Well, Pygmies are potbellied anyway, so that makes it harder to tell. 

I guess you'll just have to wait and see. 

Or, you could go out and inspect all the wether's anatomy. The one I had that turned out to be intact developed a new (smaller) scrotum, so the testicle dropped down out of the body, where it had apparently been pushed while banding him.


----------



## Caprice Acres (Mar 6, 2005)

sometimes while banding a teste can be missed. I always count after banding as well.  

If, however, that teste was missed, the wether in question would show buck characteristics, because it is still recieving negligable amounts of testosterone. It would grow horns/beards faster and thicker, pee on it's legs/face, and show mounting behavior and other courtship behavior. It would also be stinky. That goat is capable of reproducing but it's not usually that likely.

If you would be willing to post a picture of the does and wethers in question, we can usually tell wether or not a doe is pregnant. it could be false pregnancy, but it's not all that likely either. It may just be that the doe is a typical pot bellied pygmy. 

For pics of how to tell when a doe will go into labor (aka ligament pictures) and labor pictures, please visit the 'about goats' page of my website www.freewebs.com/capriceacres/ and visit the labor/birthing section on www.fiascofarm.com.


----------



## RosewoodfarmVA (Oct 5, 2005)

Its possible that one testicle was "left behind" when the banding occured, leaving a male without a scrotum but with full reproductive capabilities. It happens quite often, especially with inexperienced banders (not that I'm saying you're inexperienced!  )


----------



## trob1 (Jun 18, 2006)

A wethered pygmy buck will look just like a doe with short hair and a thin beard or no beard. An intact pygmy buck has longer hair and a full beard and cape. 

Here is a picture showing some full grown pygmy bucks.










Here is a pygmy wether.










If you could post a picture of your goats we could tell you if one of your wethers looks bucky.


----------



## goatsareus (Jun 23, 2007)

ANY goat can have a beard; male, female, wether, hermaphrodite. The ability to have a beard is genetic related. It has nothing to do with the sex of the animal.

The only way to tell if the goat is pregnant is to have an ultrasound. Do you live near a vet college? Sometimes you can get an ultrasound on a goat for free at a vet school. 

Within 6 weeks of kidding, I can feel the baby goats in utereo. Feel on the stomach bottom just in front of the udder. Even later in the pregnancy, you can feel them kick on the sides of the doe. If you feel kids low, they are due in about 6 weeks. If you feel them higher up on the doe, then within the month.


----------



## trappmountain (Jun 22, 2005)

My pygmy wether was cut and he has a beard. Don't think that makes any difference.










This is my wether.

He also displays some buck behavior but no buck smell. He jumps on our girl when she is in season. She knocks him off before he can try anything.


----------



## Gailann Schrader (May 10, 2002)

How old is she? Precocious udder? Hormone problems?

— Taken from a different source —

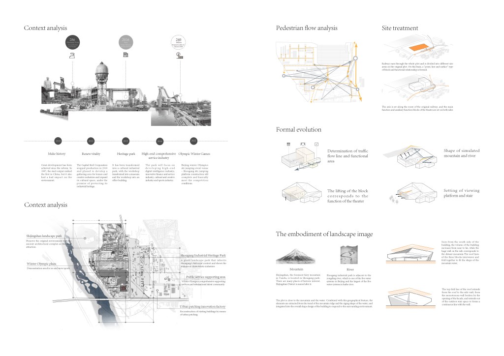 Following the shutdown of Shougang’s industrial operations, the site is being transformed into a hub for leisure and creative industries, and served as the venue for the ski jumping competition during the Winter Olympic Games. The proposed theater is located within Shougang Industrial Park, positioned at a railway intersection with an open water surface to the north.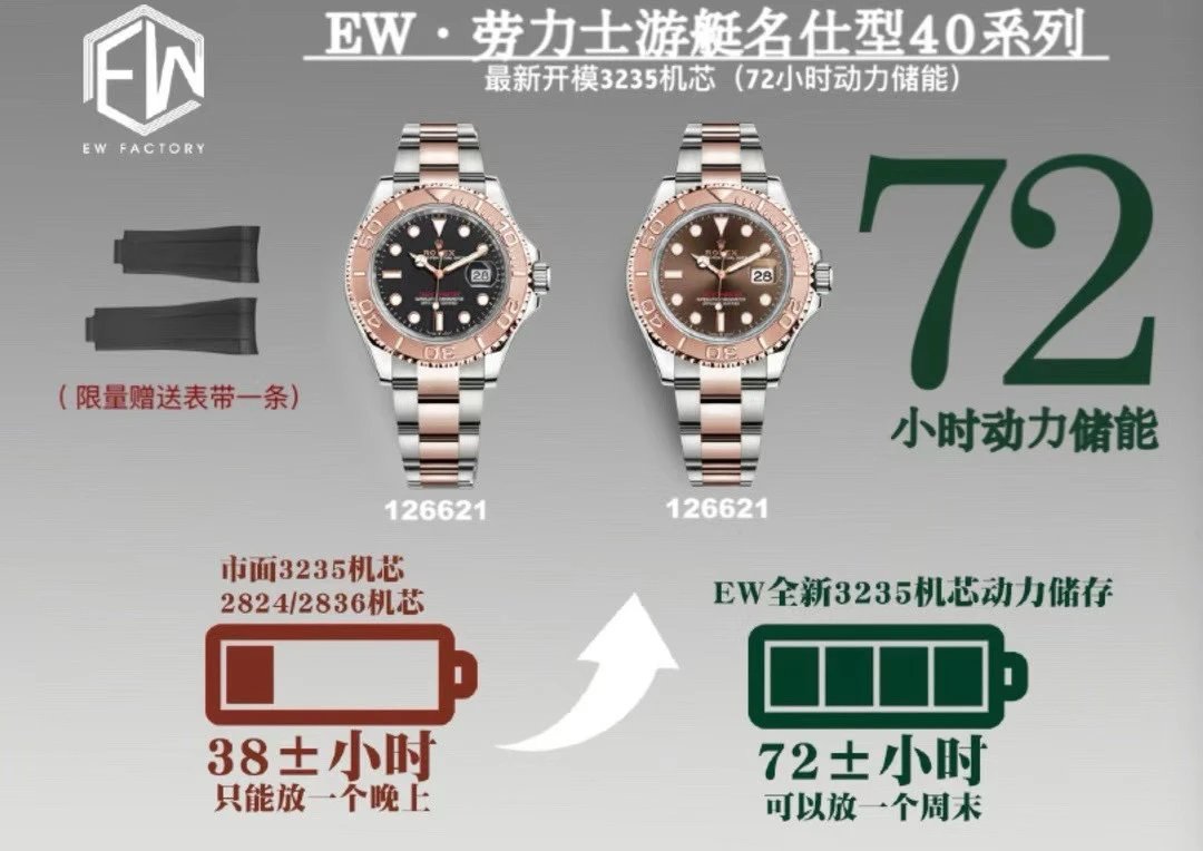EW【匠心之作】最強 勞力士 遊艇名仕型40系列 ①獨家定制3235機芯,動能儲存高達72小時,品質穩定可靠; ②表殼:尺寸厚度原裝一致,厚度僅為11.5(市場版本一眼假); ③字面:頂級瑞士冰藍色夜光,底紋細膩,顏色對版; ④玻璃:藍寶石玻璃搭配2.5倍放大鏡效果,玻璃通透; ⑤鋼帶:904精鋼錶帶,每條錶帶與表耳完美契合,給予手腕最高舒適度; 福利【下單可以獲贈天然橡膠錶帶一副】EW出品,必然精品,每一個極致的細節都是EW工廠匠心開發的誠意;

Or could just be the goat fairy bringing more Pygmy goodness to you...


----------



## trob1 (Jun 18, 2006)

trappmountain, see how your wether's beard is thin and there is no long cape hair. That is the biggest difference with a buck and a wether. It really should be very obvious to someone if they have ever seen a pygmy buck. That is why I posted a picture of some bucks so she could see the visual differences. Nice looking wether by the way love the color.


----------



## trappmountain (Jun 22, 2005)

Thanks trob1. Yes they are my 1st. and I don't claim to be an expert. He and my doe were bought an auction. No breeding plans. They were just bought as pets and have definitely lived up to that role. He actually belongs to my son. Our doe is mine and we have a potbelly pig that belongs to my DH.


----------



## Sweet Goats (Nov 30, 2005)

I have a friend that has Pygmy's. She has one that every year she looks pregnant, all the way to the utter, she fils up like she is going to kid any second. SHe has NEVER beed bred, and she is NO WHERE NEAR a buck.
Post a picture of her from behind if possible, that will help.
I have bought wethers that were only half fixed, and YES he could breed.


----------



## chamoisee (May 15, 2005)

trappmountain said:


> My pygmy wether was cut and he has a beard. Don't think that makes any difference.
> 
> 
> > Yeah, he has a beard, but compare it to the pictures of the Pygmy bucks. The wether's beard is wispy and thin, while a buck has a full, lush beard and a cape. The hair growth on bucks seems to be testosteropne related. I've heard that when there were more eunuchs, they didn't have beards, either. A full, lush beard on a male goat is usually a beacon of masculinity and the equipment to match!


----------



## KCM (Sep 26, 2005)

Thanks everyone for your helpful feedback. 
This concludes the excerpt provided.